Requirement
The result should be the lines from the one holding "Любая лестница с" to the end of the records below, repeated exactly. No pictures.

<<<<

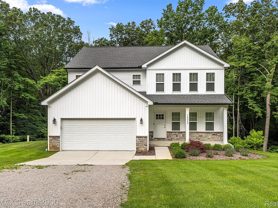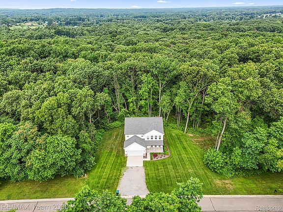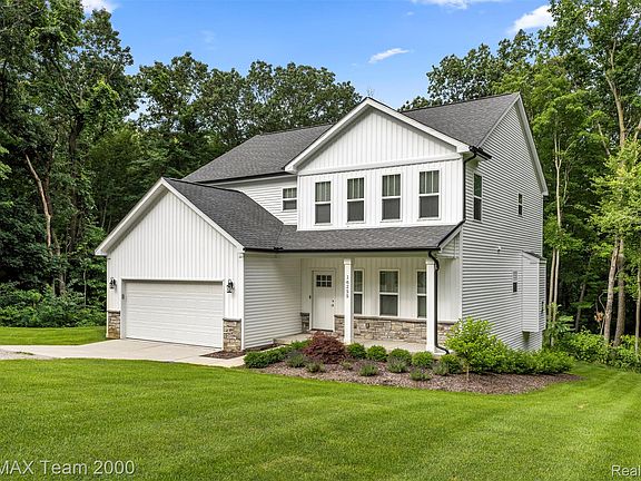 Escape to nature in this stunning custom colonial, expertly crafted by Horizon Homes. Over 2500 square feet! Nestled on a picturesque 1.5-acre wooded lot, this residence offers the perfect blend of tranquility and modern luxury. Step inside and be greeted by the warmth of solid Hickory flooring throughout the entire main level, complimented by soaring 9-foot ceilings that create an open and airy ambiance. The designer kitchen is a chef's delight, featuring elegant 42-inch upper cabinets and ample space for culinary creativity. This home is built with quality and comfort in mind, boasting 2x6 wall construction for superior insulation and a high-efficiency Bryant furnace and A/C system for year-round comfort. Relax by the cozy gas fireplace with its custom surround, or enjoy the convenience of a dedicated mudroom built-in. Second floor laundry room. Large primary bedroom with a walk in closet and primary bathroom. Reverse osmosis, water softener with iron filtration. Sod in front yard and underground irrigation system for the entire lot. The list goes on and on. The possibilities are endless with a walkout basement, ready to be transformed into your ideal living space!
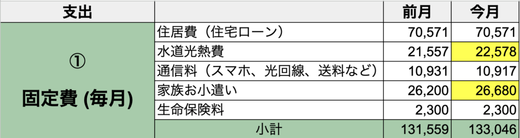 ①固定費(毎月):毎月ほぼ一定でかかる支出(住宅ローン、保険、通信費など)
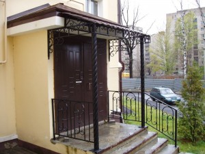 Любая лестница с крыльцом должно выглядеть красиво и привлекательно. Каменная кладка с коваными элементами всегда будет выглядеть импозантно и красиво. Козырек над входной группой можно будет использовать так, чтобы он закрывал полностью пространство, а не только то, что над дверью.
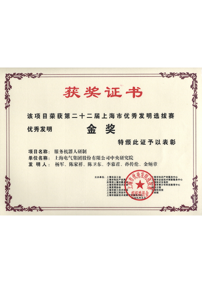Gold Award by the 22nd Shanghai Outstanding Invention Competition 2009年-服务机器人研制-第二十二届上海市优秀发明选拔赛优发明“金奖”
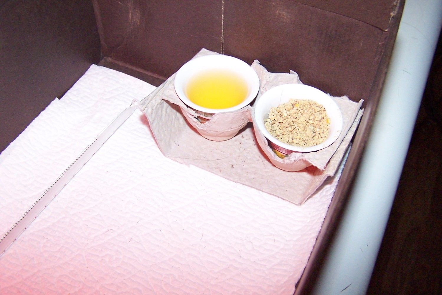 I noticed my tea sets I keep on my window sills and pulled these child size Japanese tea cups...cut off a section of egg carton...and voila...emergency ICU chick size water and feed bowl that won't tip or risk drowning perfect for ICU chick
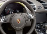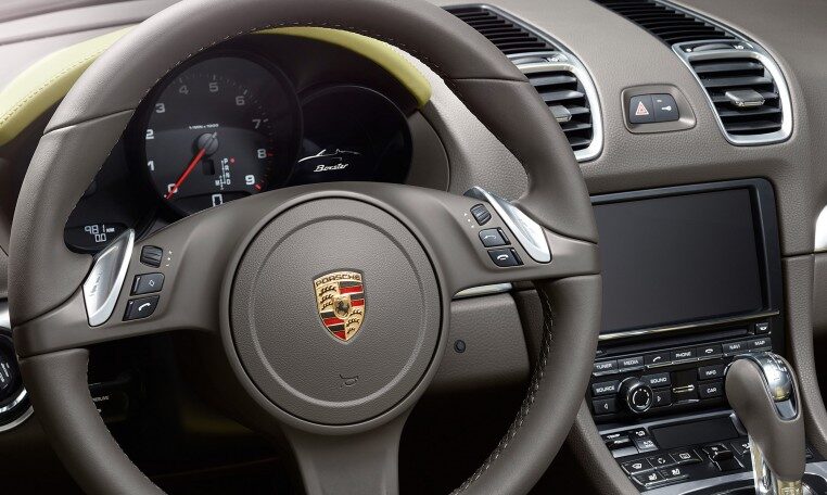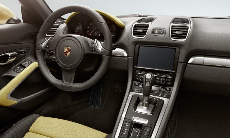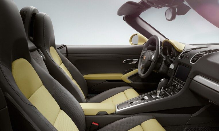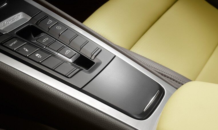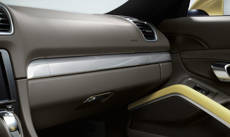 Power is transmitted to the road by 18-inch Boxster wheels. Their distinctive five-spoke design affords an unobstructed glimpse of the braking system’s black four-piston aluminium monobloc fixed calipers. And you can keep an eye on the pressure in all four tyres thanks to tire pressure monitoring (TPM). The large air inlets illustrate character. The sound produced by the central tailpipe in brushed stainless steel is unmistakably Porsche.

>>>>

Your solution
 Любая лестница с крыльцом должно выглядеть красиво и привлекательно. Каменная кладка с коваными элементами всегда будет выглядеть импозантно и красиво. Козырек над входной группой можно будет использовать так, чтобы он закрывал полностью пространство, а не только то, что над дверью.
Gold Award by the 22nd Shanghai Outstanding Invention Competition 2009年-服务机器人研制-第二十二届上海市优秀发明选拔赛优发明“金奖”
 I noticed my tea sets I keep on my window sills and pulled these child size Japanese tea cups...cut off a section of egg carton...and voila...emergency ICU chick size water and feed bowl that won't tip or risk drowning perfect for ICU chick
 Power is transmitted to the road by 18-inch Boxster wheels. Their distinctive five-spoke design affords an unobstructed glimpse of the braking system’s black four-piston aluminium monobloc fixed calipers. And you can keep an eye on the pressure in all four tyres thanks to tire pressure monitoring (TPM). The large air inlets illustrate character. The sound produced by the central tailpipe in brushed stainless steel is unmistakably Porsche.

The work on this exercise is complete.